A scrupulously honest tale of healing

Pat Thwaites reviews Jessie Cole's Staying: A Memoir, published by Text Publishing. 

Jessie Cole had an idyllic childhood in a rainforest area of Australia, with parents who gave her and brother Jake unreserved love, and freedom to explore their natural surroundings.

"Back then, the world seemed a welcoming place," she writes at the book's beginning. Words she uses to describe those first everyday experiences are gentle, welcoming. Descriptive passages are beautifully evocative. However, when the first sentence mentions her father's suicide, Cole has already signalled that this utopia will be a temporary one.

Her father was a psychiatrist, her mother an idealist. They had left a busy Sydney lifestyle for one in the freedom of countryside - freedom to live as they wished, in an experiment popular in the 70s, where conventional boundaries were rejected. They aimed to live within nature.Nudity was routine and unremarkable, and adult sexual experimentation permissible.

Jessie and her brother were raised to test the hypothesis that "children were born pure - that the less you interfered with their natural goodness, the less damage you did".

Two daughters from the father's previous marriage made yearly visits.
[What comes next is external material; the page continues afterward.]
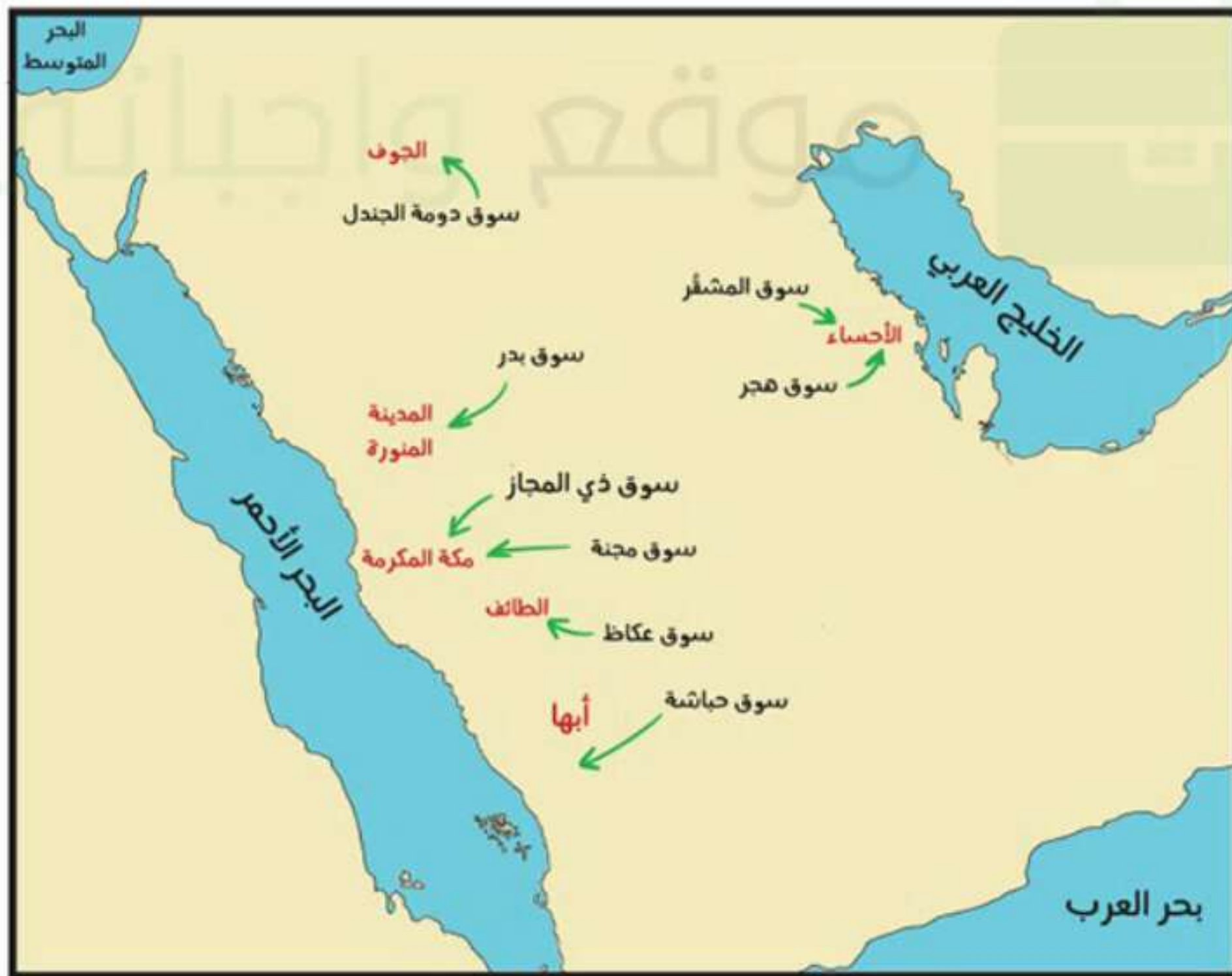
أبرز مواقع أسواق العرب في الجزيرة العربية

وما يميز هذه الأسواق الحضارية لعرب الجزيرة العربية أنها تجذب كثيراً من سكان الشام ومصر والهند والعراق وغيرها. وكانت تلك الأسواق تمثل المكانة الحضارية لعرب الجزيرة العربية ووسيلة اتصال بالشعوب والحضارات الأخرى خارج الجزيرة العربية.

Zoe and Billie were charismatic and enigmatic, and their visits a source of fascination and dread. When Cole was a fledgling adolescent, one sister's decision became the trigger that set off a spiral of despair within the whole family.

I have read many memoirs this year, but none as scrupulously honest as this one. As I followed the disintegration of his personality until "the father we had known gradually disappeared", the sensitivity and brilliance of Cole's writing meant I was drawn into her world and was able to share her anguish.

Although she was able to show the emotional devastation caused by the suicide of a close family member, she also offered hope as she gradually healed. Her father's death would always leave painful memories, but not enough to spoil the positive parts of her childhood.

The last section of the book has the author returning to live in the natural environment known to her. And it seems that the words that guided me into her world were also ones that helped save her. In her closing chapter, she tells her readers that emerging from grief has been "about sharing words - slowly, tentatively, sharing words with you".

I am pleased Cole was talented enough, and brave enough, to share her words, providing insight into a subject that will doubtless touch many readers.